Some civil libertarians say CSEC's metadata monitoring is worrisome because even this material can reveal much about a person, such as their location and who they are contacting.
All CSEC activities "include measures to protect the privacy of Canadians," Sullivan said.
"The classified document in question is a technical presentation between specialists exploring mathematical models built on everyday scenarios to identify and locate foreign terrorist threats," she added.
"The unauthorized disclosure of tradecraft puts our techniques at risk of being less effective when addressing threats to Canada and Canadians."
The watchdog over CSEC, Quebec judge Jean-Pierre Plouffe, said in a statement Friday that he was aware of the metadata activities mentioned in the CBC story.
"The law prohibits CSEC from directing its activities at Canadians," he said. "In accordance with its mandate, CSEC is only allowed to use metadata to understand the global information infrastructure, for the purpose of providing intelligence on foreign entities located outside Canada and to protect computer systems of importance to the government of Canada."
Past commissioners have reviewed CSEC metadata activities, finding them to be in compliance with the law and to be subject to "comprehensive and satisfactory measures" to protect the privacy of Canadians, he added.
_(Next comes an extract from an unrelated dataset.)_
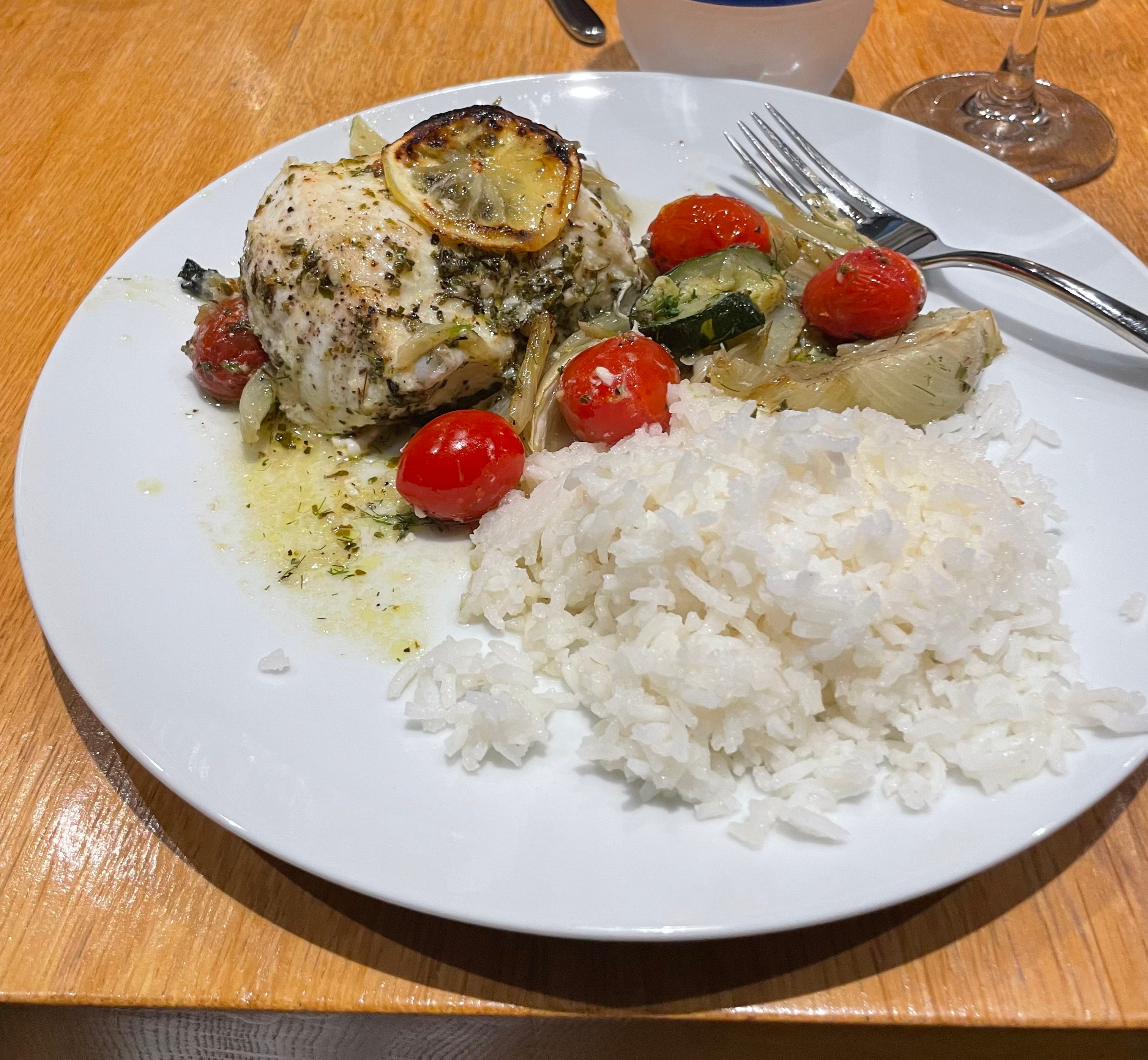 Meanwhile, I take six-ounce halibut fillets and coat them very generously with minced garlic, olive oil, lemon zest, and dried oregano in a large casserole dish. I surround the fish with cherry tomatoes and top the fillets with sliced lemon. Then I broil the fish on high until the halibut reaches 130°. (Watch the lemon and tomatoes for over-browning; switch to baking at 400° with foil over the casserole dish if they’re getting too brown.) When everything is done cooking, add the fennel and zucchini to the casserole with the fish, and serve with white rice:
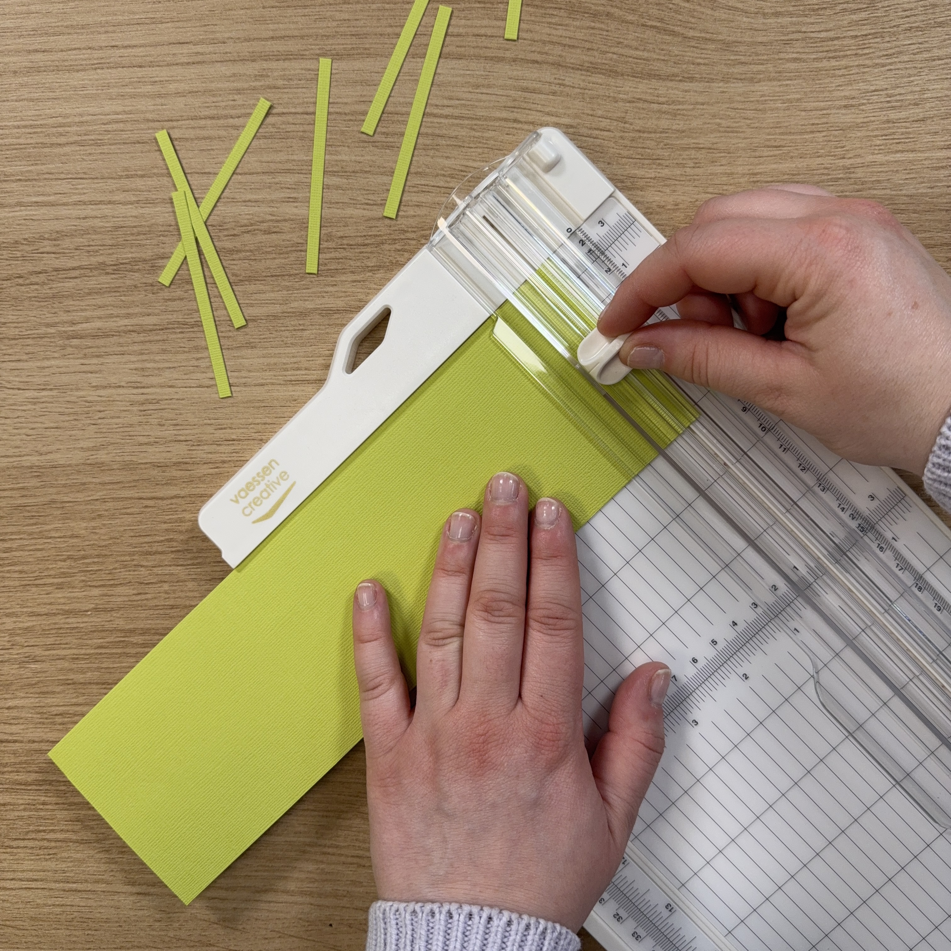 Taglia delle striscioline verdi di 0,5 x 8 cm.

"CSEC is providing full co-operation to my office in the conduct of another ongoing in-depth review of these activities, which was formally approved in the fall of 2012."
Material disclosed by Snowden last year indicated that Canada helped the United States and Britain spy on participants at the London G20 summit in 2009. Other documents from Snowden's extensive cache suggested CSEC once monitored Brazil's department of mines and energy.
Earlier this week, interim federal privacy commissioner Chantal Bernier said CSEC should table an annual public report in Parliament describing its continuing activities.
Bernier also recommended the eavesdropping agency disclose annual statistics on cases in which it assists other federal agencies with requests for interception, which can include monitoring of Canadians.